- [What is expected] For the listing below, output exactly the lines from the line with "In featherweight 15" up to and including the line with "광주는 지난달 말 재정", and no other lines.

- [Extracted information]
______________________________
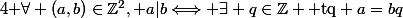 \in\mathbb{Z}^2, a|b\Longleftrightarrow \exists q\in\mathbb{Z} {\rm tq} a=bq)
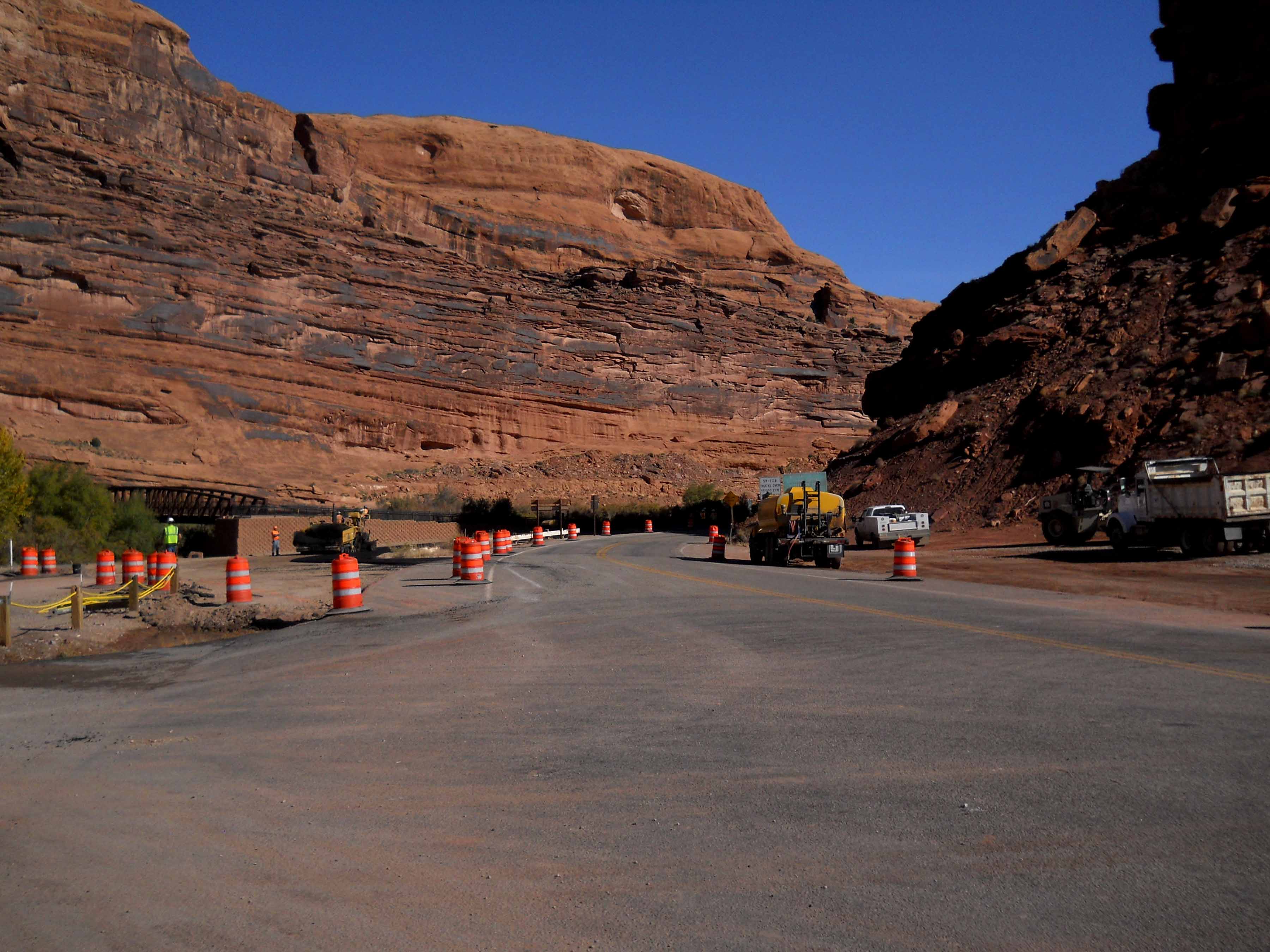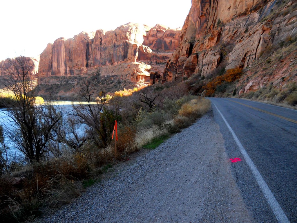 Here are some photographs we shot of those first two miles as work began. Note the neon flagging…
______________________________
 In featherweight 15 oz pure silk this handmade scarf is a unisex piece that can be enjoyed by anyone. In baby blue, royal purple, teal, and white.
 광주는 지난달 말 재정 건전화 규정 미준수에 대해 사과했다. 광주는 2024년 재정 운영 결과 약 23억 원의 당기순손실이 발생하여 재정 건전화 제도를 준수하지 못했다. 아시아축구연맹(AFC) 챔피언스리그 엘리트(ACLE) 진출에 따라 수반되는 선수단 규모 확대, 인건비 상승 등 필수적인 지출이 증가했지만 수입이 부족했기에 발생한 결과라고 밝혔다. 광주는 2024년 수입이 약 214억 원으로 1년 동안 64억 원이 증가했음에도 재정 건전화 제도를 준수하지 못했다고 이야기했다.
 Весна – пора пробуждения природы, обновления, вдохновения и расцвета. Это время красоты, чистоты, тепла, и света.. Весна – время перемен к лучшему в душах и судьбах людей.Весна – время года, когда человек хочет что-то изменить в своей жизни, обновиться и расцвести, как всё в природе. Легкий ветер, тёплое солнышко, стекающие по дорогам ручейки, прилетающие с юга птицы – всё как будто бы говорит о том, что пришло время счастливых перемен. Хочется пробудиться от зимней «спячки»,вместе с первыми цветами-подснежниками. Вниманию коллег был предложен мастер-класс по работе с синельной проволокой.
______________________________
- [Response area]
 In featherweight 15 oz pure silk this handmade scarf is a unisex piece that can be enjoyed by anyone. In baby blue, royal purple, teal, and white.
 광주는 지난달 말 재정 건전화 규정 미준수에 대해 사과했다. 광주는 2024년 재정 운영 결과 약 23억 원의 당기순손실이 발생하여 재정 건전화 제도를 준수하지 못했다. 아시아축구연맹(AFC) 챔피언스리그 엘리트(ACLE) 진출에 따라 수반되는 선수단 규모 확대, 인건비 상승 등 필수적인 지출이 증가했지만 수입이 부족했기에 발생한 결과라고 밝혔다. 광주는 2024년 수입이 약 214억 원으로 1년 동안 64억 원이 증가했음에도 재정 건전화 제도를 준수하지 못했다고 이야기했다.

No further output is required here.